ASSIGNMENT.
Write out the listing below without alteration, omitting its pictures.

COLLECTED DATA.
■ ■ ■

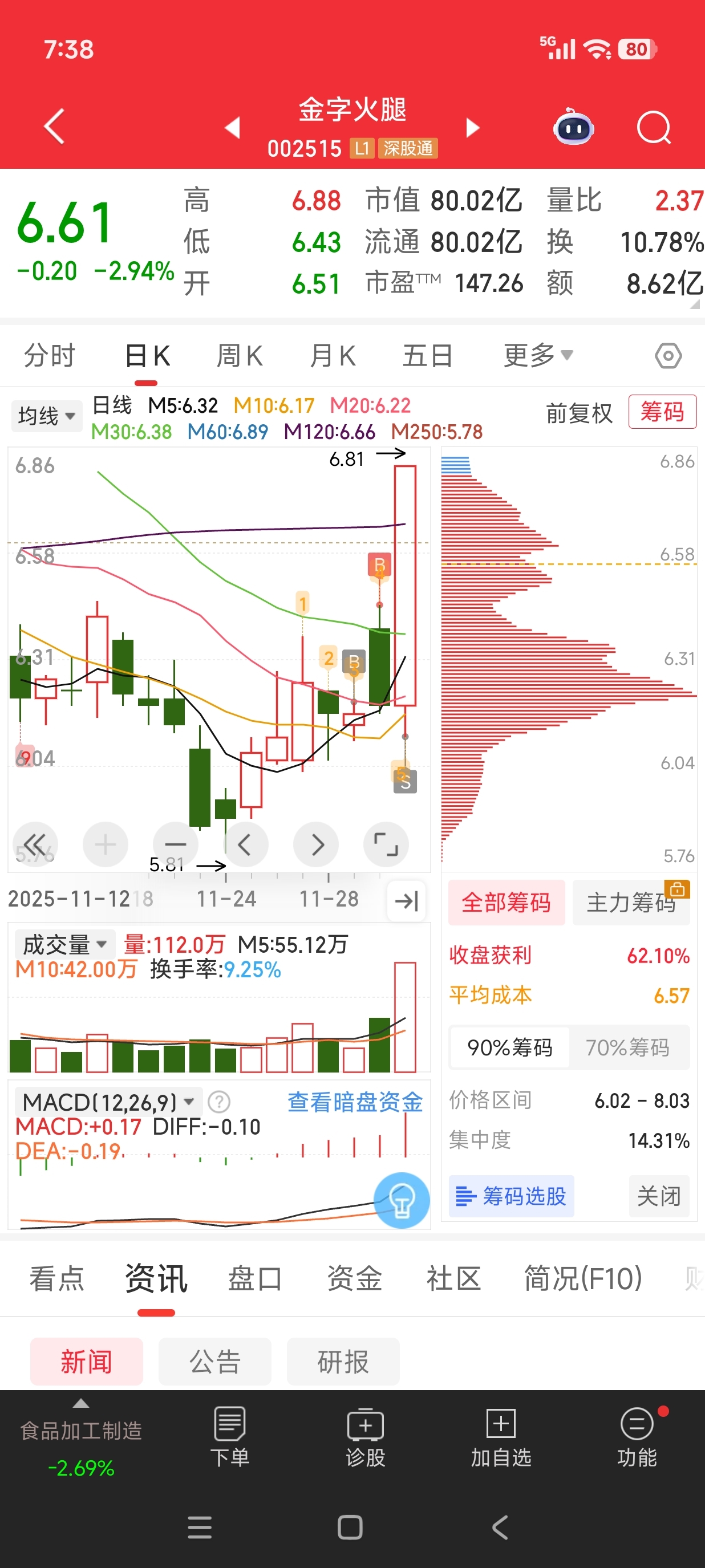 幸好1号把换金字火腿,股性太差,几天放量就涨3个点,穷庄股
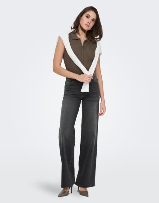 ONLY - Jeans met wijde pasvorm in zwart met wassing
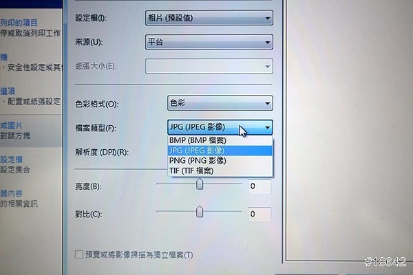 這個液晶畫面顯示的是掃描時須設定的檔案格式選項:
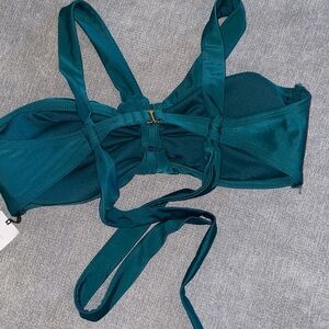 Shade & Shore Twist Center Front Bandeau Dark Green Bikini Top

■ ■ ■

WRITTEN RESPONSE.
 幸好1号把换金字火腿,股性太差,几天放量就涨3个点,穷庄股
 ONLY - Jeans met wijde pasvorm in zwart met wassing
 這個液晶畫面顯示的是掃描時須設定的檔案格式選項:
 Shade & Shore Twist Center Front Bandeau Dark Green Bikini Top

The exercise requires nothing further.